In the "request" npm module (an ambiguous module name that wastes a lot of my time in a regular basis), you can abort a request that has not started. That causes an exception. It took me a lot of time to find it. It was all because of a broken state machine.
UI Framework built with React and SCSS. The components are nicely modularized, have unit tests, and we put a lot of emphasis on code readability, clear names for things, a scalable folder structure, and intuitive interfaces.
I think the strengths of the C code are: straightforward algorithms without many nonsensical abstraction layers, consistent and clean formatting, sane usage of the preprocessor.
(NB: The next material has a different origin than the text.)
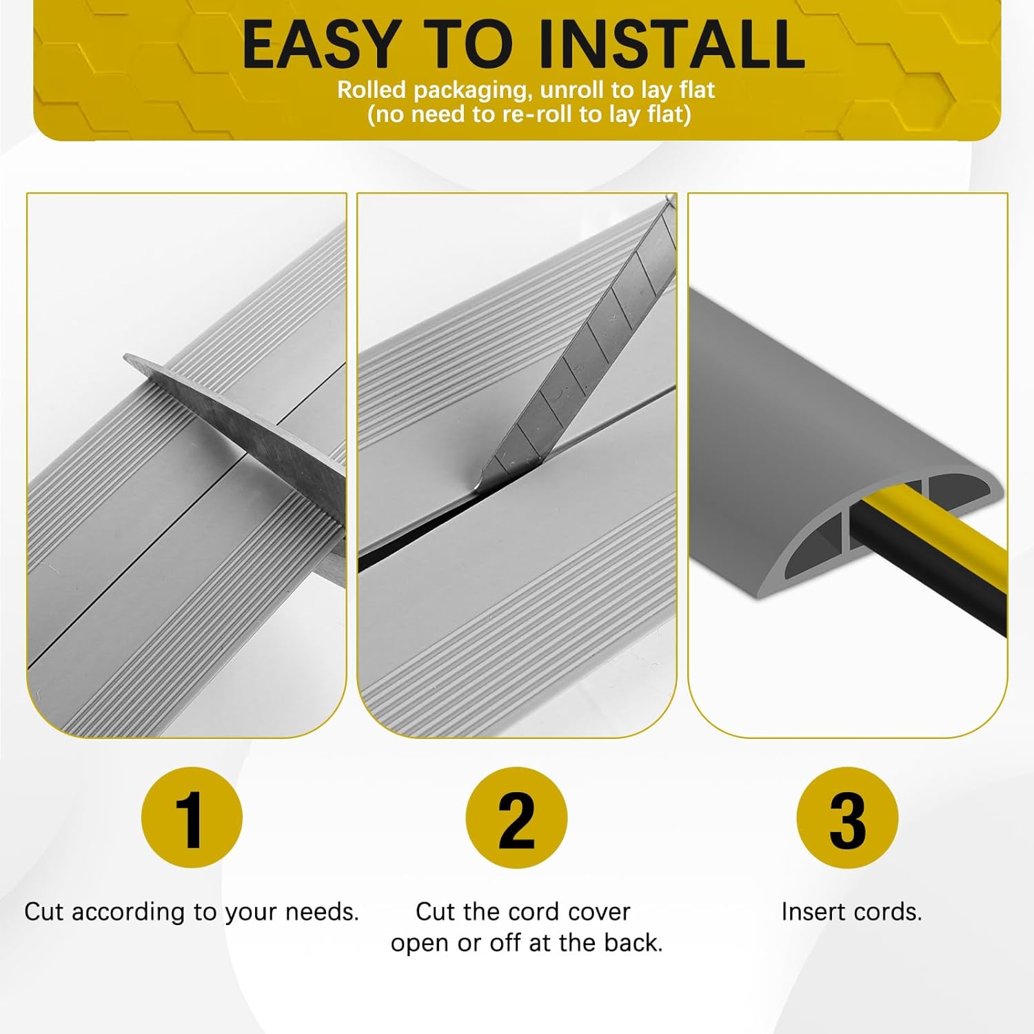 - 【Easy to Use】Floor cord covers is simply cut to length with scissors, slit the back, and insert cables for instant installation. Features a non-slip base with superior grip to stays put on carpets, wood, and tile floors

IMO very well written and very well run project. I follow most issues closely just because the discussions re: code reviews, new features, and community questions.
The threshold of what the high code quality is was set long ago and remains far beyond the reach of the mere mortals.
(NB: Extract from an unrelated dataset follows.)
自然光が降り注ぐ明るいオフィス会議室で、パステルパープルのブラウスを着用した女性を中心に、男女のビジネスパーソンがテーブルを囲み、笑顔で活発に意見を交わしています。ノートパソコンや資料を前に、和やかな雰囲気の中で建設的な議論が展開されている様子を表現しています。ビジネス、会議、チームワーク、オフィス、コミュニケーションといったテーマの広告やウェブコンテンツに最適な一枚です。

You will hardly find anything even distantly approaching the quality of TeX and Metafont. Not sure if there are mirrors on github, but you can always grab a copy from CTAN.
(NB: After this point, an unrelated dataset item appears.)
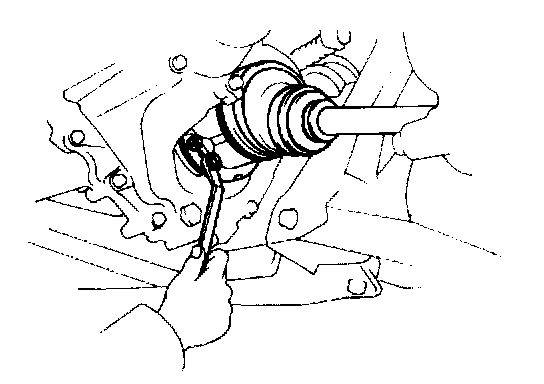 2. While an assistant depresses the brake pedal, loosen six nuts holding drive axle to side gear shaft (differential side).

Have you actually ever read any of the Linux source code? I find it pretty hard to read to be honest. There are barely any comments and the ones that are there are often not very helpful.
> If links to documentation are not in the code, they might as well be nonexistent.
Yeesh. I must either be getting old, or everyone is significantly more busy than I am. I find that I always have time to at least locate any official documentation for the thing that I'm working with.
You'd have to explain to me what you think makes the Linux code of particularly high quality; I don't think it's a good fit for the criteria in the question.
Whilst it may well well engineered as a project of this size, the code I have seen leaves a lot to be desired.
Cases that spring to mind are the mm code and cgroups where, as an outsider, I got the impression of a large codebase where the patch delta is kept to a minimum -- perhaps so as not to introduce new bugs as features are added. But this doesn't necessarily mean the resulting code has a logical structure or layering; it means deciphering it involves as much studying of the Git history as it does of the (sparsely commented) code on the screen.
In contrast, my experiences in the FreeBSD code have been much better, with less spaghetti and even to the point of maintained man pages for key internal functions.
I'm going to propose one of my own[1], since I can do few projects without time limit (for fun) so I did my best to properly program, test and document it. I overcommented on the past but I'm trying to correct it now. Also, all of the new contributors follow the same style so things stay consistent. As an example, let's try to understand the function `.addClass`:
- Just to use it you can see the documentation on the website[2], which is the first contact normally.
- Then when you try to find the relevant files. They are in github's `src/plugins/addclass`, a name that is common and intuitive [3].
- Not only that, but you also got the documentation in that folder in github thanks to the name `readme.md`.
- When opening it [4], the first thing that you note is that the function has a tiny footprint; 8 lines. A brief explanation of what it does and a line explaining what the not-so-intuitive function `this.eacharg()` means.
- Then we use the native `Element.classList` [5] to add classes. Most people familiar with vanilla javascript know it, but otherwise the name is quite descriptive `el.classList.add(name)`
In contrast, while covering quite few other edge cases and older browsers, check jQuery's `.addClass()` code [6]. Or check Zepto.js' `addClass()` code [7]
edit: I don't see why this is down-voted, the OP asked about examples of high-quality code, structure and design are also a large part of this and it's not hard to find the github-repo for any particular application mentioned in the above book. Furthermore a lot of examples of excellent code are not necessarily easy to approach with the 'open some random files and start reading approach', having a high level overview often helps.